[Records from a data collection]
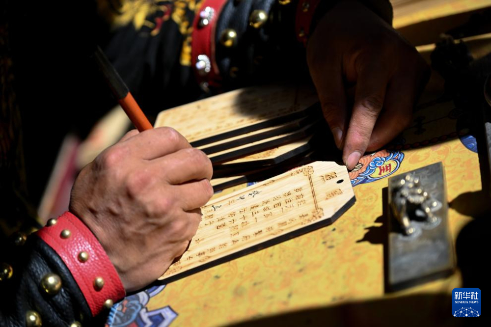 7月13日,在甘肅嘉峪關(guān)關(guān)城景區(qū),李森為游客手寫文創(chuàng)產(chǎn)品“關(guān)照”。新華社記者 劉金海 攝
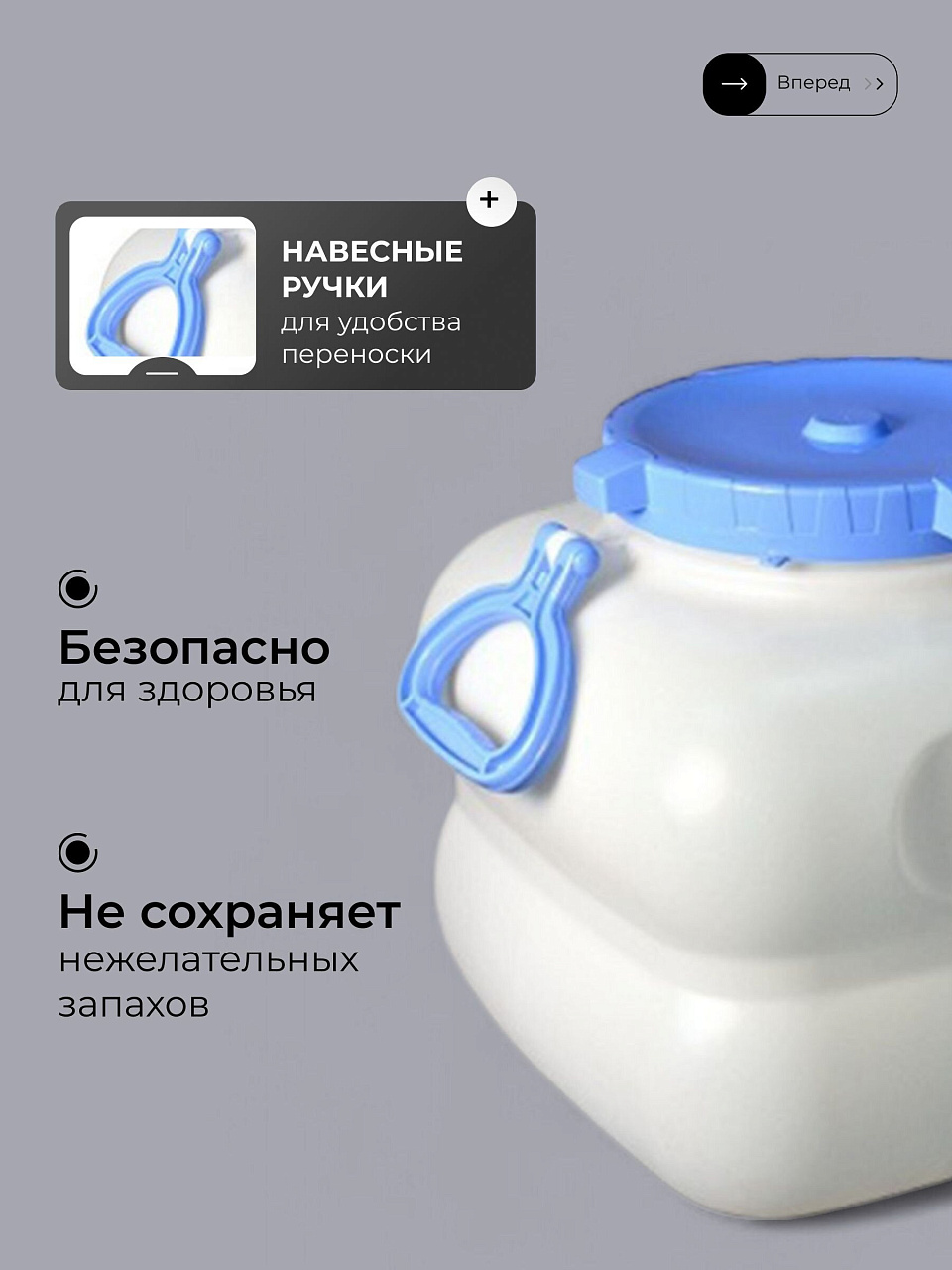 Ручки позволяют легко переносить даже полную бочку, а квадратная форма экономит место при хранении и транспортировке.
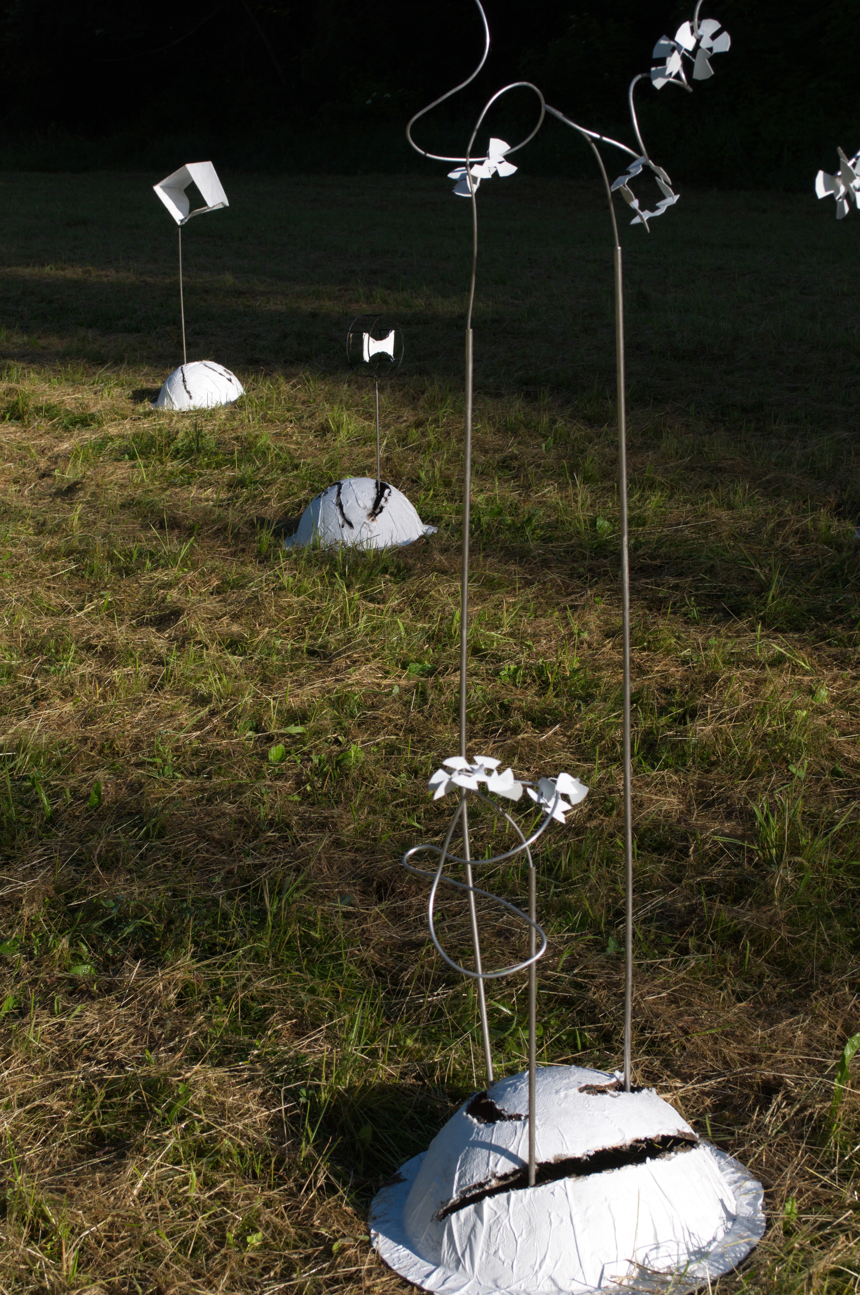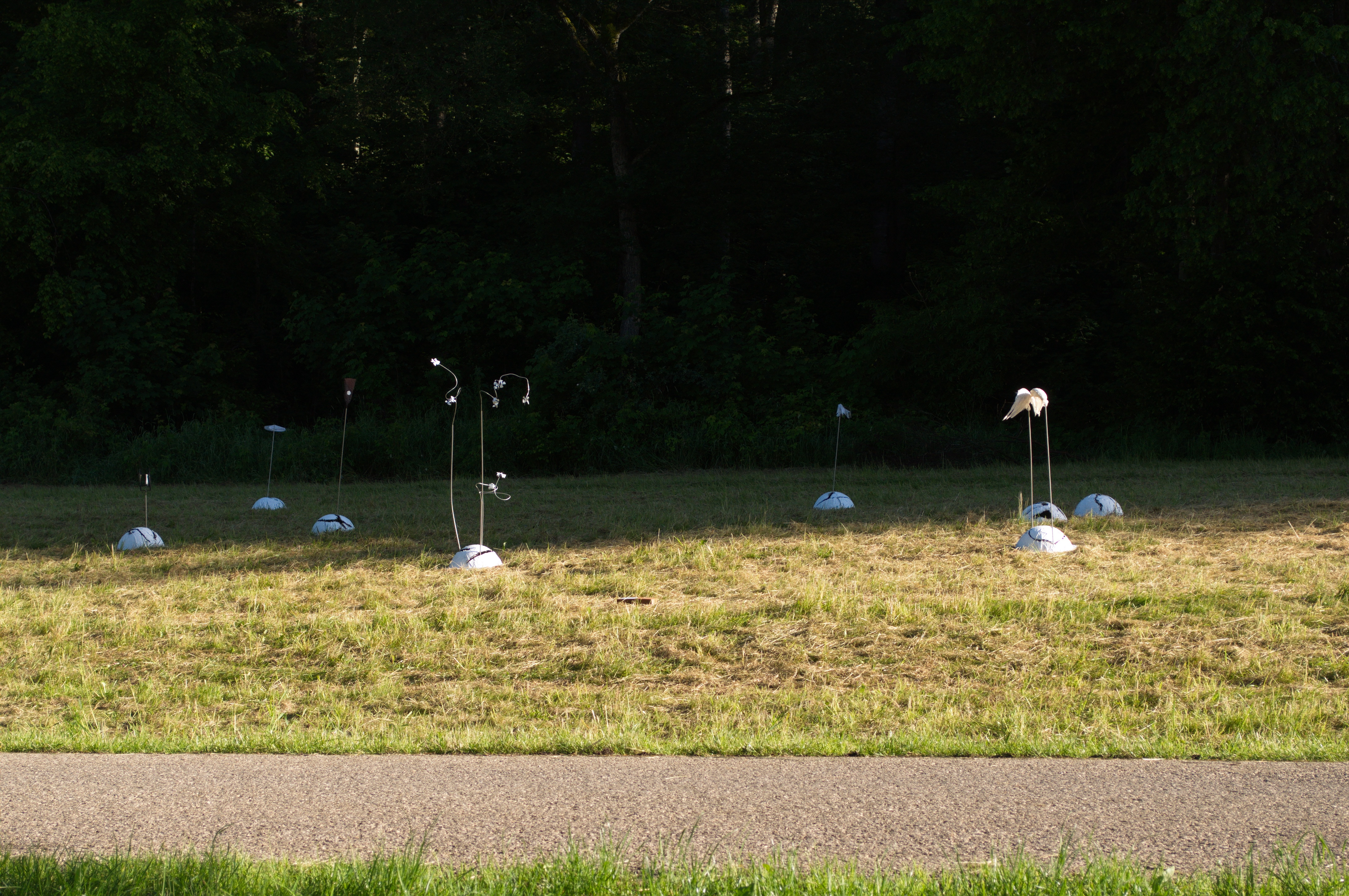 mit Draht, Papier plus X gestalten die Künstler statische oder bewegliche Objekte, die wie in den vorausgegangenen Projekten auch das Besondere des Ortes der Allee mit einbeziehen.
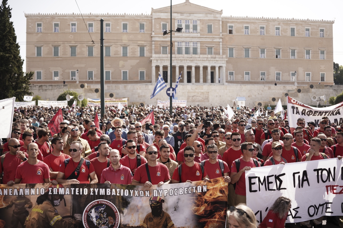 «Μας λες πως αντιβαίνει κάθε λογική και αφήνεις την Ελλάδα να καεί και πνιγεί» και «εμείς για τον πολίτη δίνουμε την ψυχή μας και εσάς ούτε που καίγεται καρφί για τη ζωή μας» ήταν τα συνθήματα των απεργών του Πυροσβεστικού Σώματος, που χειροκροτήθηκαν από τους συγκεντρωμένους.
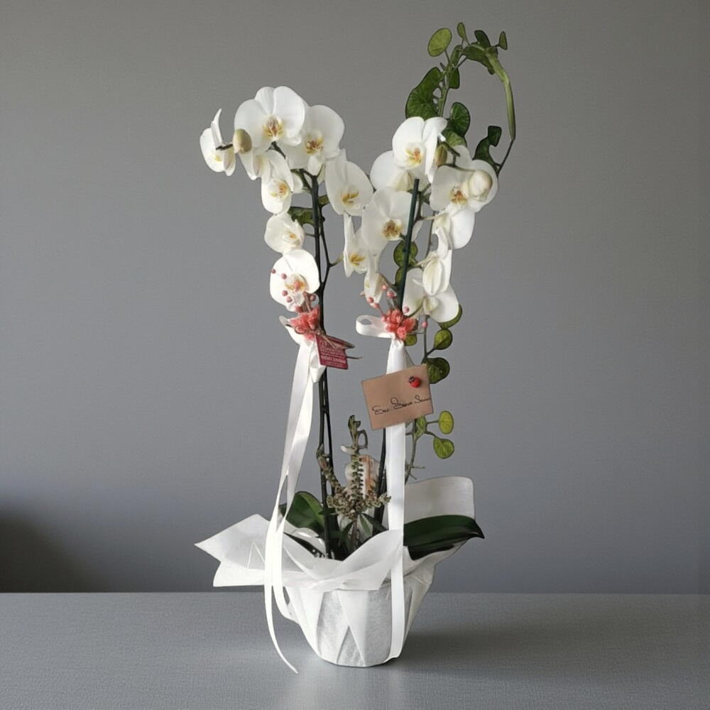 Bu zarif beyaz orkideler, evinize zarafet ve şıklık katacak harika bir dekoratif bitkidir. Her biri özenle seçilmiş ve dikkatle yerleştirilmiş bu orkide, yaşam alanınıza doğal bir güzellik sunar. Zarif beyaz çiçekleriyle dikkat çekerken, üzerine bağlanmış şık beyaz kurdeleler ve eklenen dekoratif detaylar, bitkiye ekstra bir zarafet katmaktadır.

**Problem description**
Write all the lines above out again exactly, minus the images.

**Solved exercise**
 7月13日,在甘肅嘉峪關(guān)關(guān)城景區(qū),李森為游客手寫文創(chuàng)產(chǎn)品“關(guān)照”。新華社記者 劉金海 攝
 Ручки позволяют легко переносить даже полную бочку, а квадратная форма экономит место при хранении и транспортировке.
 mit Draht, Papier plus X gestalten die Künstler statische oder bewegliche Objekte, die wie in den vorausgegangenen Projekten auch das Besondere des Ortes der Allee mit einbeziehen.
 «Μας λες πως αντιβαίνει κάθε λογική και αφήνεις την Ελλάδα να καεί και πνιγεί» και «εμείς για τον πολίτη δίνουμε την ψυχή μας και εσάς ούτε που καίγεται καρφί για τη ζωή μας» ήταν τα συνθήματα των απεργών του Πυροσβεστικού Σώματος, που χειροκροτήθηκαν από τους συγκεντρωμένους.
 Bu zarif beyaz orkideler, evinize zarafet ve şıklık katacak harika bir dekoratif bitkidir. Her biri özenle seçilmiş ve dikkatle yerleştirilmiş bu orkide, yaşam alanınıza doğal bir güzellik sunar. Zarif beyaz çiçekleriyle dikkat çekerken, üzerine bağlanmış şık beyaz kurdeleler ve eklenen dekoratif detaylar, bitkiye ekstra bir zarafet katmaktadır.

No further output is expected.